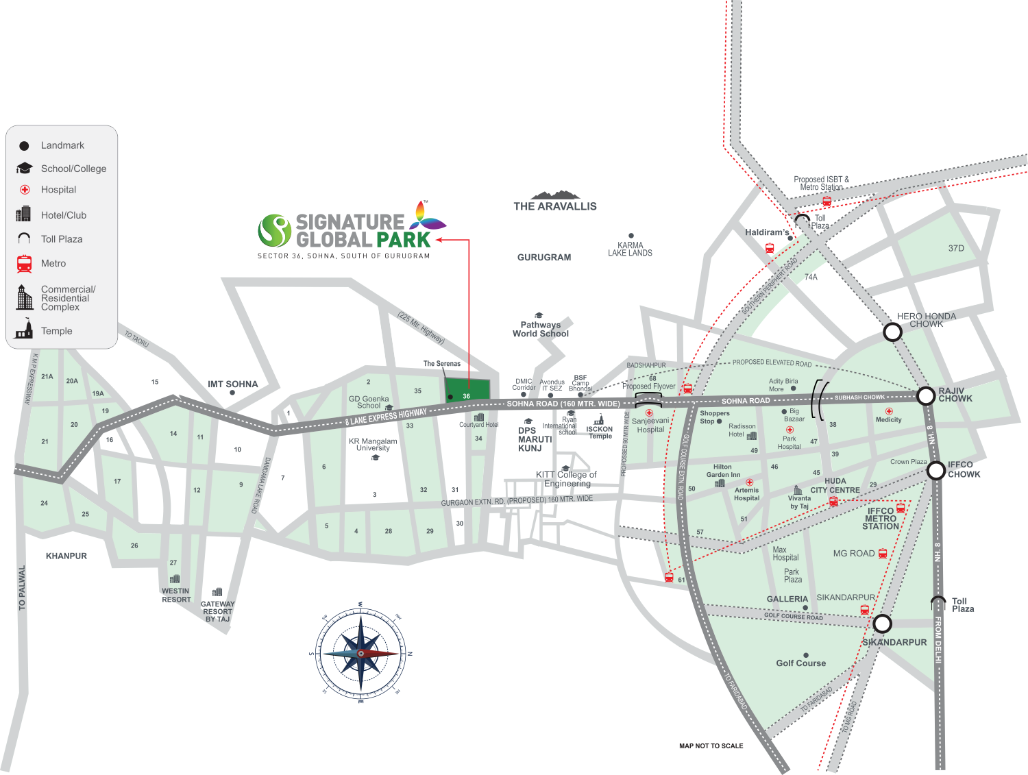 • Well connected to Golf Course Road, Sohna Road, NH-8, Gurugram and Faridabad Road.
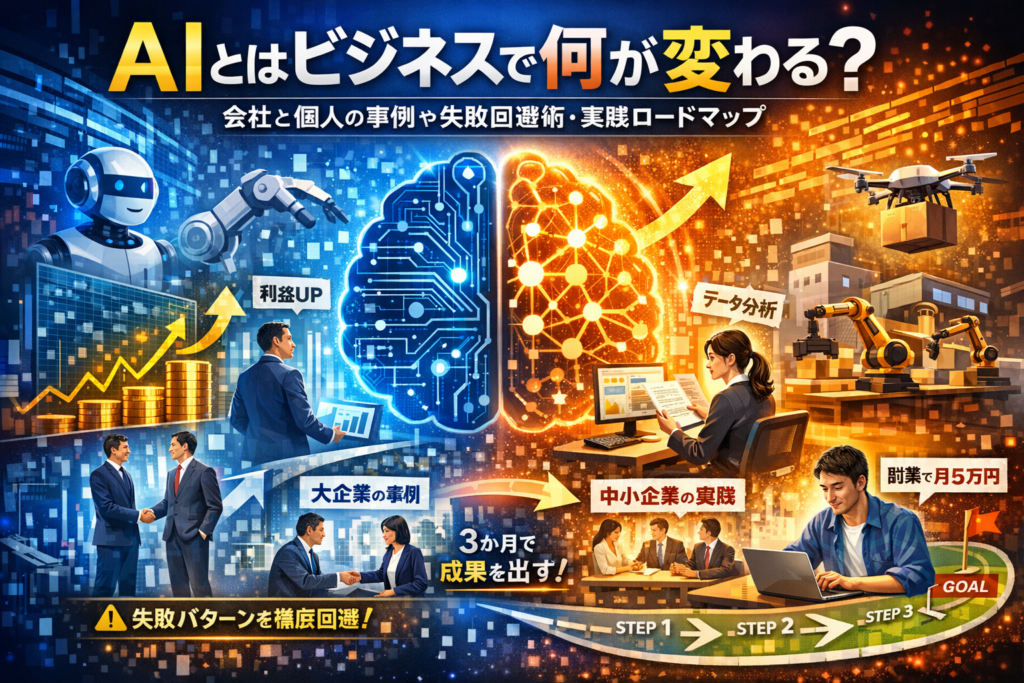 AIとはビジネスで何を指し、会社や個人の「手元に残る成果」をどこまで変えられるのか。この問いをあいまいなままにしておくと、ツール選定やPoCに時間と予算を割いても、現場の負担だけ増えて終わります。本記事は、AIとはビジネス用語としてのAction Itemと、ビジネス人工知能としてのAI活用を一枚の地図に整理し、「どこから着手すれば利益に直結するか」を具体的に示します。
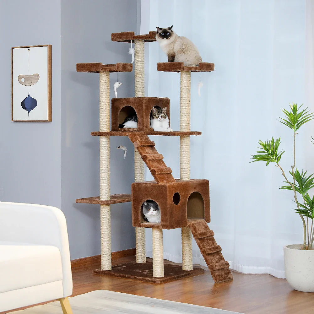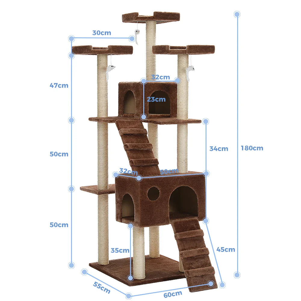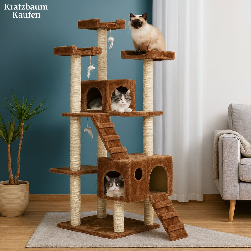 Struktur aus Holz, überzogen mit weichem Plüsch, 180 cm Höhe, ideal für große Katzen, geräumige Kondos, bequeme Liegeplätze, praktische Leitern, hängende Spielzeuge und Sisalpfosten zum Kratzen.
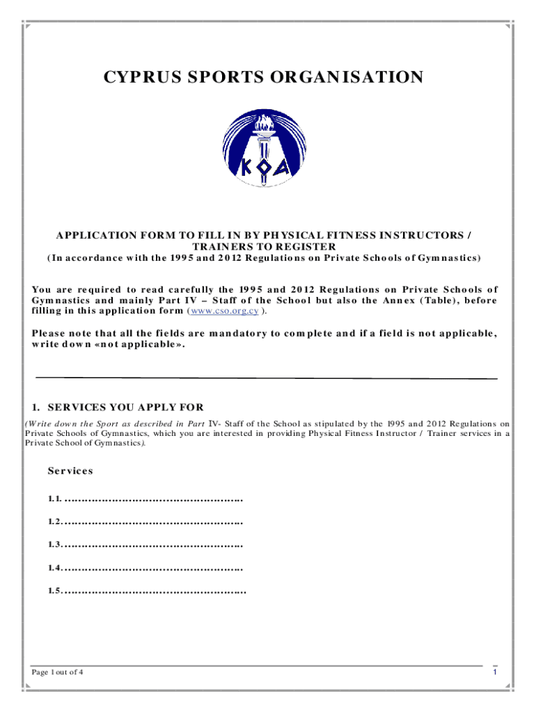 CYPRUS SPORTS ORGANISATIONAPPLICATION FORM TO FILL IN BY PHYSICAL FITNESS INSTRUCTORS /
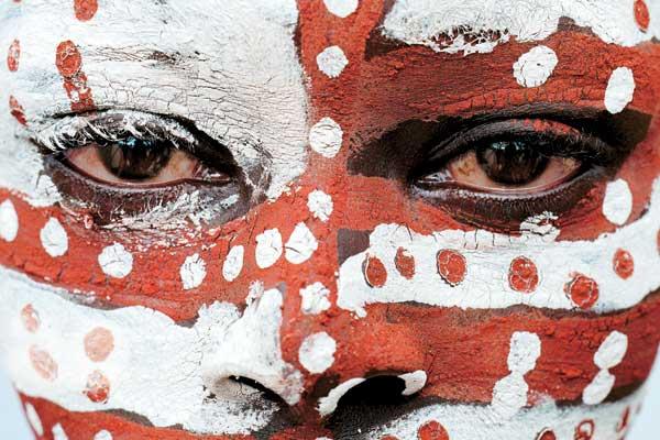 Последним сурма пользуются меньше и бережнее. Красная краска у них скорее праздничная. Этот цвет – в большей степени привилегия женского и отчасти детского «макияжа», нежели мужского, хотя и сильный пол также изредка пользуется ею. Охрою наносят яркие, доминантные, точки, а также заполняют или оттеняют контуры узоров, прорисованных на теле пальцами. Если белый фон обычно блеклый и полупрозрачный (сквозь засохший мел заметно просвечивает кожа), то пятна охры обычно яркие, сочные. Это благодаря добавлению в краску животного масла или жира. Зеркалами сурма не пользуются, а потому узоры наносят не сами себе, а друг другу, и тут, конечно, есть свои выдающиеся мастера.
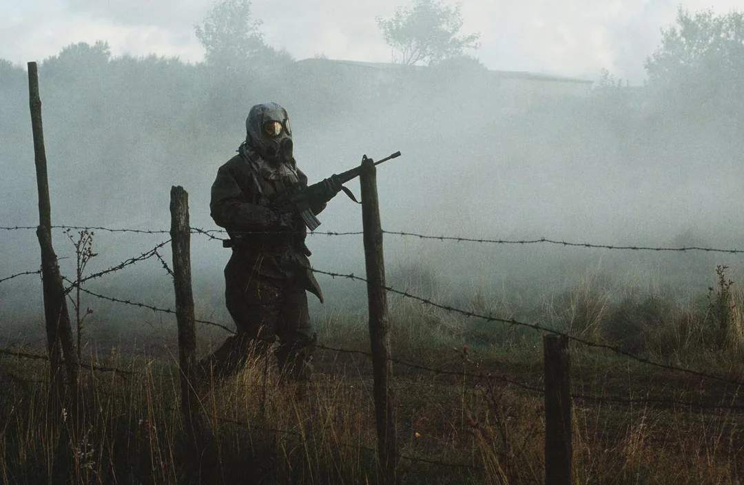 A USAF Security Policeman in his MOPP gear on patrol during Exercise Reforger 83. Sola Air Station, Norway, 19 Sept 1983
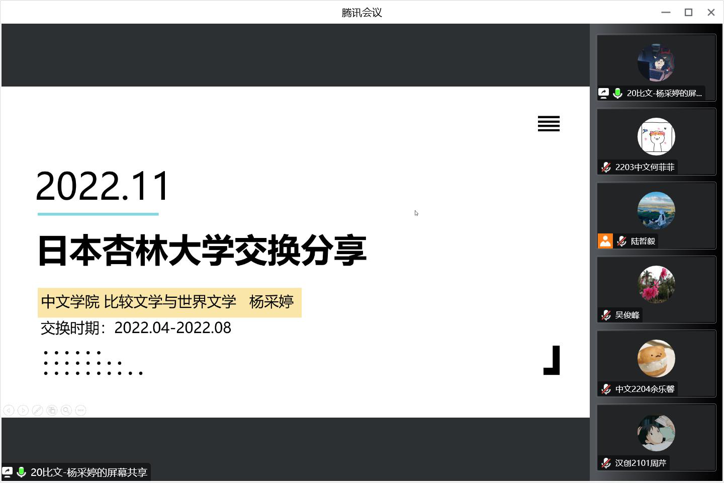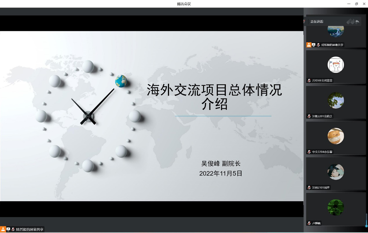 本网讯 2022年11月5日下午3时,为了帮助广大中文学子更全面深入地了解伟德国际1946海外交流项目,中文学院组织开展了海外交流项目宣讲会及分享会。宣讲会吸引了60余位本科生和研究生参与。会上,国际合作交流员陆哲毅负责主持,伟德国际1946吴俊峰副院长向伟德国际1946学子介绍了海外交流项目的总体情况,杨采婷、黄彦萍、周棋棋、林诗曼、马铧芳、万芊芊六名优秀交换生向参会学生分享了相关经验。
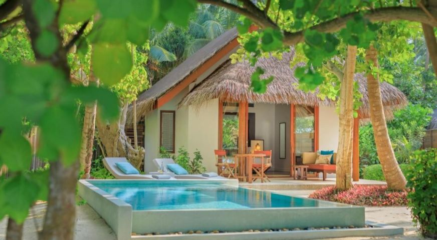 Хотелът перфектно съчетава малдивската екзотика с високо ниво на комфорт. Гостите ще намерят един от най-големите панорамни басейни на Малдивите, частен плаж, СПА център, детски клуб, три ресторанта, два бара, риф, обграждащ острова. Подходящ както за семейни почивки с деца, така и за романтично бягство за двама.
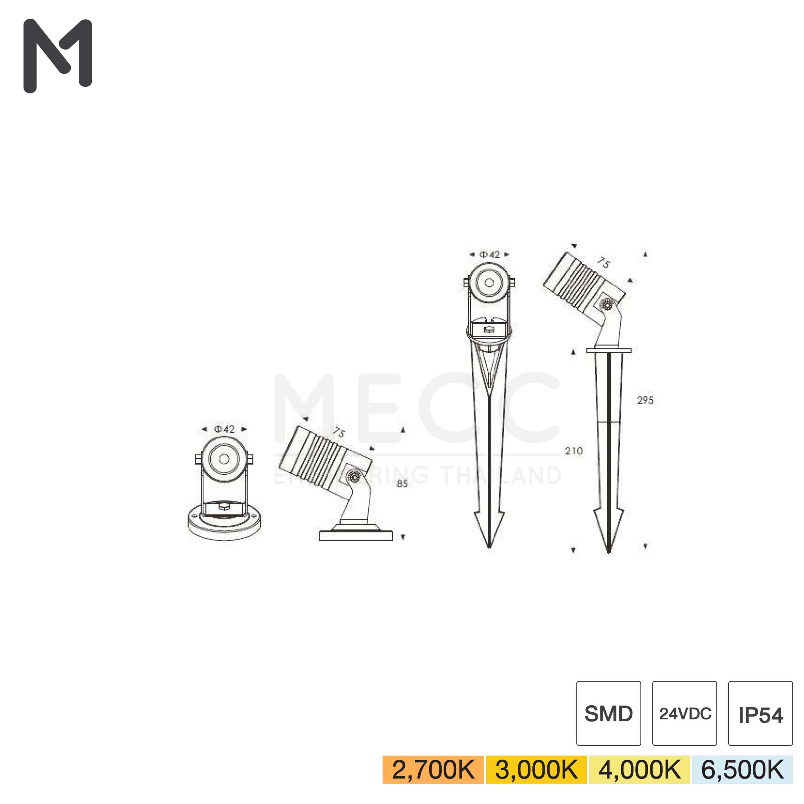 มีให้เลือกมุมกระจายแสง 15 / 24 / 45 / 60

----

*What you are asked to do*.
Beginning with the line that contains "本网讯 2022年11月5日" and ending with the final line of the material, reproduce those lines exactly and nothing else. Omit the pictures.

*Answer area*.
 本网讯 2022年11月5日下午3时,为了帮助广大中文学子更全面深入地了解伟德国际1946海外交流项目,中文学院组织开展了海外交流项目宣讲会及分享会。宣讲会吸引了60余位本科生和研究生参与。会上,国际合作交流员陆哲毅负责主持,伟德国际1946吴俊峰副院长向伟德国际1946学子介绍了海外交流项目的总体情况,杨采婷、黄彦萍、周棋棋、林诗曼、马铧芳、万芊芊六名优秀交换生向参会学生分享了相关经验。
 Хотелът перфектно съчетава малдивската екзотика с високо ниво на комфорт. Гостите ще намерят един от най-големите панорамни басейни на Малдивите, частен плаж, СПА център, детски клуб, три ресторанта, два бара, риф, обграждащ острова. Подходящ както за семейни почивки с деца, така и за романтично бягство за двама.
 มีให้เลือกมุมกระจายแสง 15 / 24 / 45 / 60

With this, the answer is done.